В следующий раз он встретил Леночку спустя семь лет там, где увидеть ее совсем не ожидал.

Теперь уже доктор-неонатолог, он осматривал новорожденного в палате отделения, когда его окликнули.

– Андрей Пантелеевич, вы меня не узнаете? – спросила молодая мама.
Видя растерянность врача, она назвала имя и фамилию. Андрей Савченко удивился еще больше. Это была та самая Леночка из онкогематологии. После «химии», сжигающей вместе с раковыми клетками и здоровые, его бывшая пациентка смогла забеременеть и родить здорового ребенка.

Текст
Оксана Грибкова

Фото
Роман Демьяненко
и из личного архива
Андрея Савченко
История Леночки стала для Андрея Савченко уроком на всю жизнь. Она научила молодого врача, что в борьбе с болезнью никогда нельзя сдаваться.

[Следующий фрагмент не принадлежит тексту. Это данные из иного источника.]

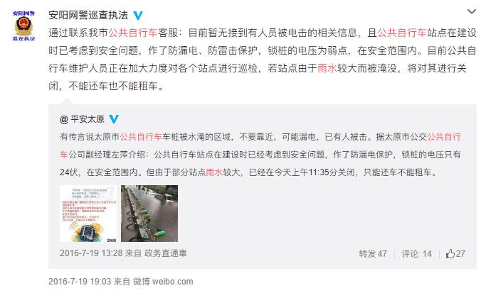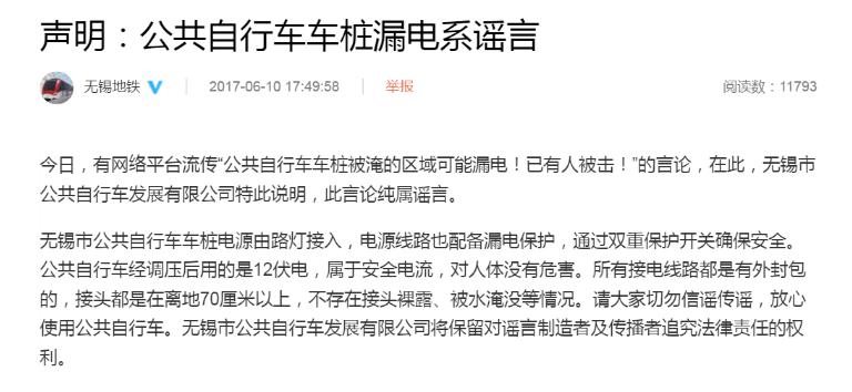 近日,全國(guó)多地迎來(lái)雨水高發(fā),多年前關(guān)于公共自行車漏電的謠言又開(kāi)始散播,該謠言已被多種官方可信渠道辟謠,請(qǐng)廣大市民不信謠、不傳謠。永安行所承建的全國(guó)250+個(gè)公共自行車城市,運(yùn)營(yíng)至今,從未出現(xiàn)一例漏電或因漏電而導(dǎo)致人員受傷情況。永安行所有公共自行車系統(tǒng)設(shè)備,均通過(guò)了極寒、高溫、高濕、高鹽等超常環(huán)境的考驗(yàn),系統(tǒng)站點(diǎn)在建設(shè)時(shí)已經(jīng)考慮到安全問(wèn)題,都安裝有漏電保護(hù)裝置,一旦發(fā)生漏電現(xiàn)象,系統(tǒng)設(shè)備將自動(dòng)斷電;公共自行車系統(tǒng)設(shè)備的輸出電壓不高于15V,屬于安全電壓范圍;系統(tǒng)軟件對(duì)每個(gè)站點(diǎn)的電壓和溫度進(jìn)行實(shí)時(shí)監(jiān)控;運(yùn)營(yíng)單位在運(yùn)營(yíng)管理中每周對(duì)系統(tǒng)設(shè)備進(jìn)行安全檢查,排除漏電隱患;一旦出現(xiàn)特殊惡劣的天氣,例如:大雨、暴雪,永安行公共自行車運(yùn)營(yíng)公司會(huì)及時(shí)關(guān)閉系統(tǒng)。 此外,運(yùn)營(yíng)公司工作人員會(huì)始終堅(jiān)守一線,排查存在安全隱患的站點(diǎn)進(jìn)行斷電處理!保障市民用車!

Для спецпроекта «Философия профессии» в Международный день врача заместитель главного врача по медицинской части Воронежской областной детской клинической больницы № 1 (ВОДКБ №1) Андрей Савченко рассказал об отношениях педиатра с родными маленьких пациентов, детской реанимации, доверии в коллективе. Доктор объяснил, почему медицина – «философское понятие», как врачу в трудной ситуации оставаться спокойным, и почему ему нельзя обойтись без доли цинизма. Савченко рассказал о выхаживании недоношенных младенцев массой от 500 граммов, о помощи родителям в принятии болезни, о противоестественности смерти детей, диагнозе по плачу малыша и главной награде для детского доктора.
1

Андрей Савченко – профессионал

О плаче и улыбке ребенка
– По интонации плача, по вскрикам, всхлипываниям новорожденного я понимаю, где и что у ребенка болит. Когда малыш голодный, характер плача один, когда болит, к примеру, ухо – другой, когда болит живот, у него третий вариант крика. Понимание конкретного ребенка происходит на уровне эмоций, оно появляется с опытом. Вся моя жизнь и работа связана с новорожденными детьми. Часто мне приносят посмотреть младенца, и пока его мама разворачивает, я вижу уже все, что нужно. Осматриваю малыша для родителей и для своего удовольствия – чтобы поиграть с ним. Я взрослого ребенка порой так не пойму, как новорожденного.

– Как ты их понимаешь, они же не могут сказать, что болит? – удивляются терапевты.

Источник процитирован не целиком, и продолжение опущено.